Does there exist a function \(f\) such that \(f\left( 0 \right) = - 1,{\rm{ }}f\left( 2 \right) = 4,{\rm{ and }}f'\left( x \right) \le 2\), for all \(x\)?

Short answer

No such function exists.

Step-by-step solution

Mean Value Theorem

The Mean Value Theorem is applicable for any function \(f\left( x \right)\) if and only if

\(\begin{array}{l}f\left( x \right) \to {\rm{continuous within }}\left( {a,b} \right)\\f\left( x \right) \to {\rm{differentiable within }}\left( {a,b} \right)\\{\rm{then, for }}c \in \left( {a,b} \right) \to f'\left( c \right) = \frac{{f\left( b \right) - f\left( a \right)}}{{b - a}}\end{array}\).
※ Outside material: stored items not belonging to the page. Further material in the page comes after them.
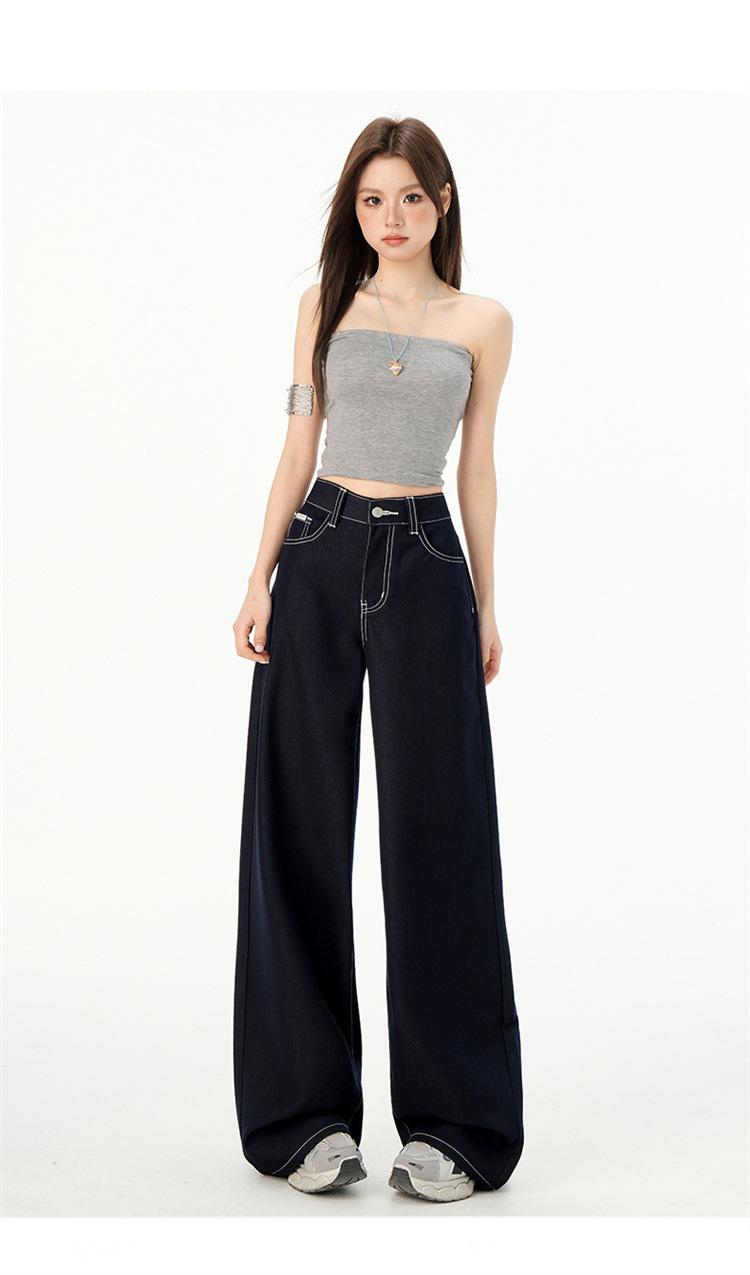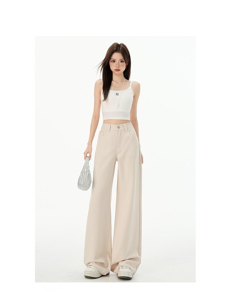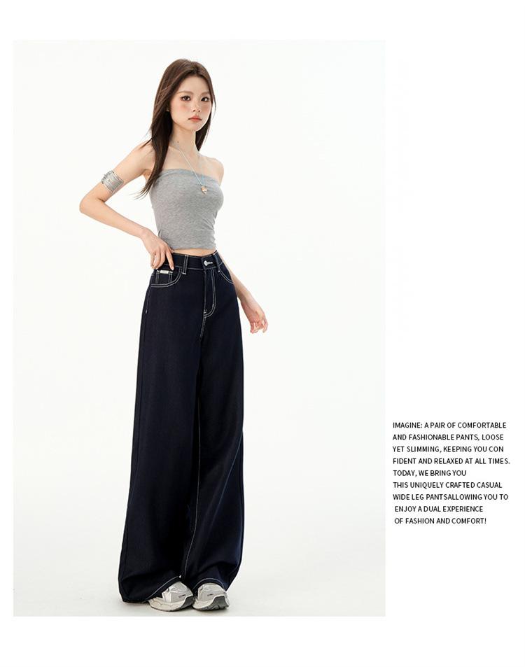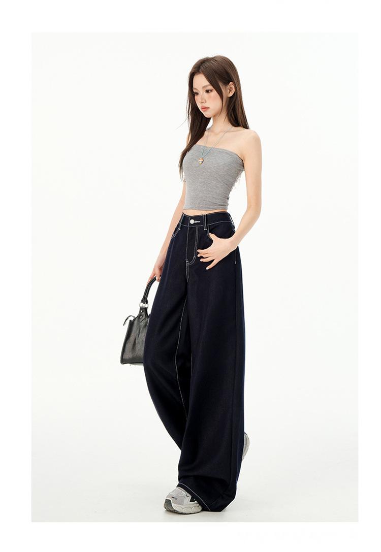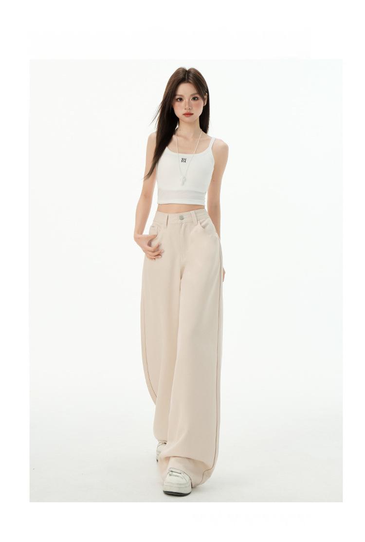 Young Orange# Jeans Retro Americanos Antiarrugas de Pierna Ancha para Mujer Sueltos Delgados Cubre Caderas Modernos Combinan con Todo Pantalones Rectos
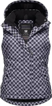Damen ärmellose Outdoorweste warme wasserdichte und atmungsaktive Winterjacke mit angesagtem Hahnentritt Muster und abnehmbarer Kapuze Hesty Print YOUMODO Cloud Gr. S
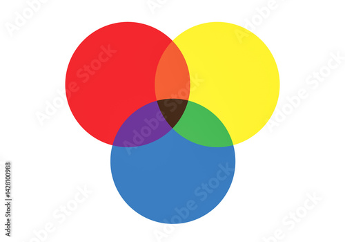 Red Green Blue or RGB color system circular diagram isolated on white background.
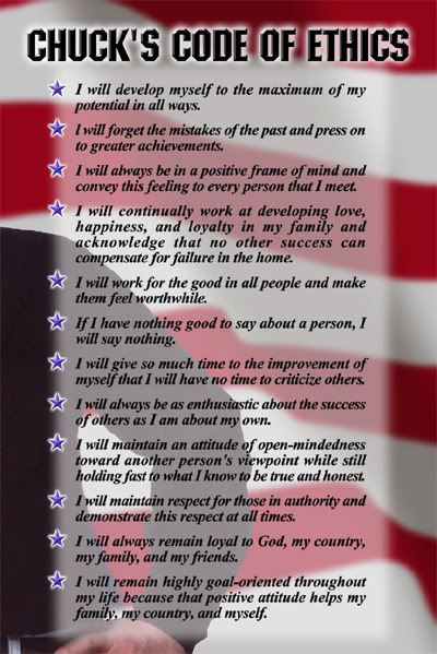 You lose 2000 IQ points and your life for not believing in the Chuck Norris "CODE OF ETHICS". Don't believe me? It's on the Offical Chuck Norris website. And your just jealos because you don't nhave your own action figure! CHUCK NORRIS IS GOD!(1)

Solving for a given condition.

Let any function \(f\left( x \right)\)exist that follows givenconditions:

\(f\left( 0 \right) = - 1,{\rm{ }}f\left( 2 \right) = 4,{\rm{ and }}f'\left( x \right) \le 2\)

Then, according to the mean value theorem, we have:

\(f\left( 2 \right) - f\left( 0 \right) = f'\left( c \right)\left( {2 - 0} \right)\,\,\,\,\,\,\,\,\,\,\,\,\,\,\,\,\,\,\,\,\,\,\,\,\left\{ {{\rm{for }}c \in \left( {0,2} \right)} \right\}\)

Solving this, we get:

\(\begin{aligned}{c}f'\left( c \right) &= \frac{{4 - \left( { - 1} \right)}}{2}\\ &= \frac{5}{2}\end{aligned}\)

But, according to the question, \(f'\left( x \right) \le 2,\,\,\,\,\,\,\forall x \in \mathbb{R}\).

This contradicts the condition.

Hence, there is no such function going to exist.